• _WHAT YOU HAVE TO DO_:
Character for character, give back every line below.

• _Records from a data collection_:
######
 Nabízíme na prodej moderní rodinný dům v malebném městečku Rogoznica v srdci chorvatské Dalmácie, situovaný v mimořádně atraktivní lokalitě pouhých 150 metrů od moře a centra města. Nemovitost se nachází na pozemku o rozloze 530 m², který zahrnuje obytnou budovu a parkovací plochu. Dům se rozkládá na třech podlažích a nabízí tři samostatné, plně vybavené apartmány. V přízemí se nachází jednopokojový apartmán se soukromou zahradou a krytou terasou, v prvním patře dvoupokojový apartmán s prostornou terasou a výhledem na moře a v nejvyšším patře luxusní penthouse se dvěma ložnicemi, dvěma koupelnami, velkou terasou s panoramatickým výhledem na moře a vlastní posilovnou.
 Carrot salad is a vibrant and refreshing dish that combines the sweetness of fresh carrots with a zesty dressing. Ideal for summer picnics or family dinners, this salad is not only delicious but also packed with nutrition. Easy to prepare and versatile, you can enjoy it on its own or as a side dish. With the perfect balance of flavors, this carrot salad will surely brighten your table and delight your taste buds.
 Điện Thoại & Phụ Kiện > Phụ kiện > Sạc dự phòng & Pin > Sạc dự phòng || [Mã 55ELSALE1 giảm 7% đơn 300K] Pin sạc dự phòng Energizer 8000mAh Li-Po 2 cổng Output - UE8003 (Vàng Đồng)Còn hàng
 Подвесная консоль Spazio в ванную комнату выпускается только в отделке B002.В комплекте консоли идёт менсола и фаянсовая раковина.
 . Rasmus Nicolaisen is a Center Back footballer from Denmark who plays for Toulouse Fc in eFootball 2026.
######
• _WRITTEN ANSWER_:
 Nabízíme na prodej moderní rodinný dům v malebném městečku Rogoznica v srdci chorvatské Dalmácie, situovaný v mimořádně atraktivní lokalitě pouhých 150 metrů od moře a centra města. Nemovitost se nachází na pozemku o rozloze 530 m², který zahrnuje obytnou budovu a parkovací plochu. Dům se rozkládá na třech podlažích a nabízí tři samostatné, plně vybavené apartmány. V přízemí se nachází jednopokojový apartmán se soukromou zahradou a krytou terasou, v prvním patře dvoupokojový apartmán s prostornou terasou a výhledem na moře a v nejvyšším patře luxusní penthouse se dvěma ložnicemi, dvěma koupelnami, velkou terasou s panoramatickým výhledem na moře a vlastní posilovnou.
 Carrot salad is a vibrant and refreshing dish that combines the sweetness of fresh carrots with a zesty dressing. Ideal for summer picnics or family dinners, this salad is not only delicious but also packed with nutrition. Easy to prepare and versatile, you can enjoy it on its own or as a side dish. With the perfect balance of flavors, this carrot salad will surely brighten your table and delight your taste buds.
 Điện Thoại & Phụ Kiện > Phụ kiện > Sạc dự phòng & Pin > Sạc dự phòng || [Mã 55ELSALE1 giảm 7% đơn 300K] Pin sạc dự phòng Energizer 8000mAh Li-Po 2 cổng Output - UE8003 (Vàng Đồng)Còn hàng
 Подвесная консоль Spazio в ванную комнату выпускается только в отделке B002.В комплекте консоли идёт менсола и фаянсовая раковина.
 . Rasmus Nicolaisen is a Center Back footballer from Denmark who plays for Toulouse Fc in eFootball 2026.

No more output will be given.